Ces auteurs considèrent la formation Barnett shale comme des dépôts profonds, déposés en environnement euxinique sous la limite d’action des vagues de tempêtes. Röhl et Schmid-Röhl (2005) interprètent la formation Posidonia shale comme des dépôts riches en matière organique mis en place dans un contexte de bassin peu profond suite à une transgression lente dans lequel les dépôts sont soumis à des courants de tempêtes.
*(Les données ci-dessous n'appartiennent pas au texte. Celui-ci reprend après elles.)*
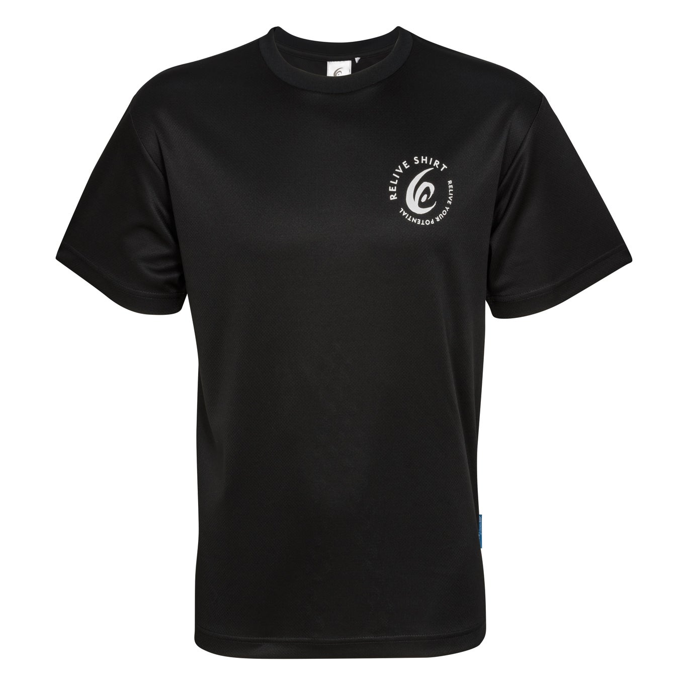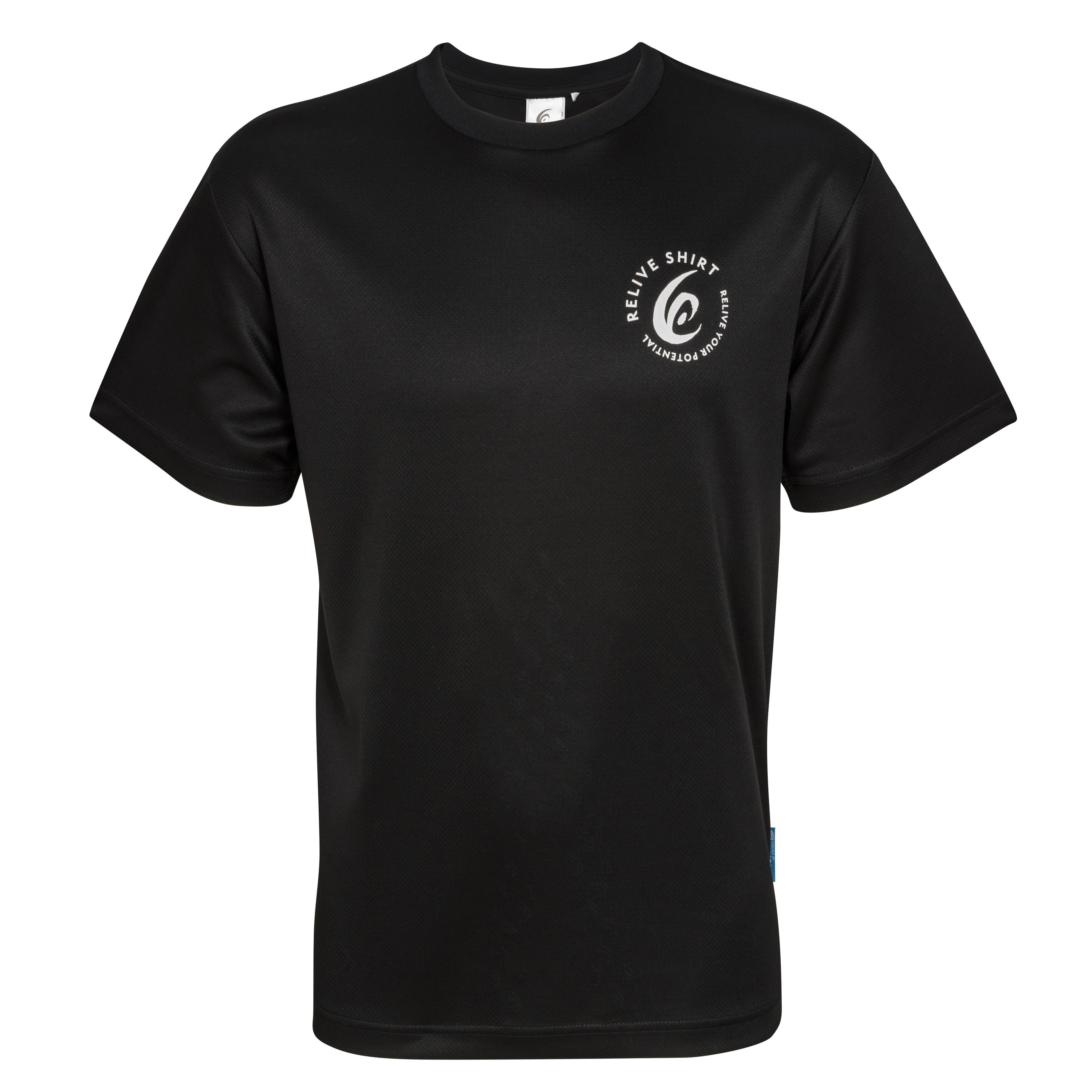 リライブウェアは遠赤外線を輻射し、着用するだけで血行を促進します。特殊な加工を施した複数の鉱石をインクに練り込み、身体のポイントに沿ってプリント加工する「リライブ加工」が特徴です。

Ce modèle est en contradiction avec celui proposé pour la formation Barnett Shale qui invoque un environnement profond (Loucks et Ruppel, 2007). De nombreux auteurs ont également interprété les argiles noires du Toarcien inférieur comme des dépôts profonds associés à une transgression rapide ou à un taux de subsidence élevé (Hallam et Bradshaw, 1979; Jenkyns, 1985, 1988; Wignall, 1991; Hesselbo et Jenkyns, 1995, 1998; Jenkyns et al., 2001) alors que le modèle peu profond est également invoqué pour les dépôts argileux jurassiques du Boulonnais (Wignall, 2001; Wignall et Newton, 2001).

Il est évident que la compréhension fine de la mise en place des séries riches en matière organique est loin d’être acquise. Plusieurs modèles existent pour des contextes eustatiques, et tectoniques différents. Il est important de garder à l’esprit la complexité de ces systèmes afin de mieux approcher les facteurs de contrôle. Ainsi, au delà de la caractérisation géochimique et lithologique, la compréhension de ces systèmes passe par celle du contexte paléogéographique, tectonique, eustatique afin de mieux contraindre le schéma stratigraphique qui définit un modèle de dépôt fiable.